Running multi-class logistic regression with TF-IDF text-vectorization will allow us to highlight the most important words for each rating value.

In [26]:
vectorizer = TfidfVectorizer(stop_words='english', max_features = 5000)
X = vectorizer.fit_transform(X_text)

In [27]:
log_reg = LogisticRegression(max_iter = 2000, multi_class='multinomial', solver = 'lbfgs')
kf = KFold(n_splits=5, shuffle = True, random_state=42)
scores = cross_val_score(log_reg, X, y, cv=kf, scoring = 'accuracy')

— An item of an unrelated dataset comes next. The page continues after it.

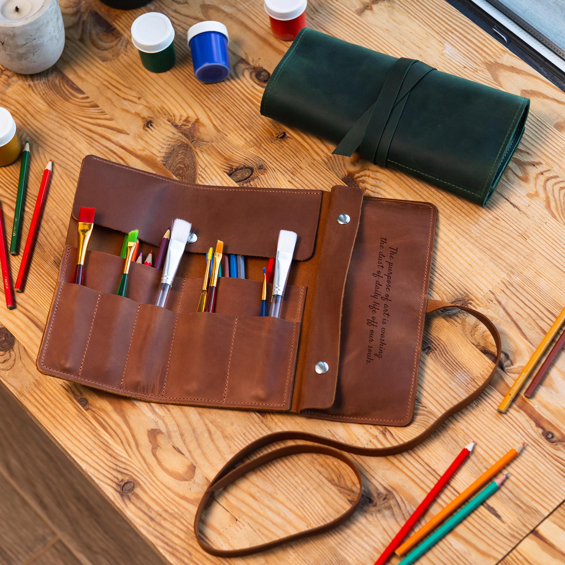 Artist pencil case,Leather pencil case,Customized paintbrush case,L...

print("K-Fold Accuracy Scores:", scores)
print("Mean Accuracy:", scores.mean())

log_reg.fit(X, y)




K-Fold Accuracy Scores: [0.95221843 0.94197952 0.94863014 0.95205479 0.96917808]
Mean Accuracy: 0.9528121931834121




In [28]:
feature_names = vectorizer.get_feature_names_out()
coefs = log_reg.coef_

class_idx = np.where(log_reg.classes_ == 5)[0][0]
coef_class = log_reg.coef_[class_idx]

top_pos_idx = np.argsort(coef_class)[-20:]
top_neg_idx = np.argsort(coef_class)[:20]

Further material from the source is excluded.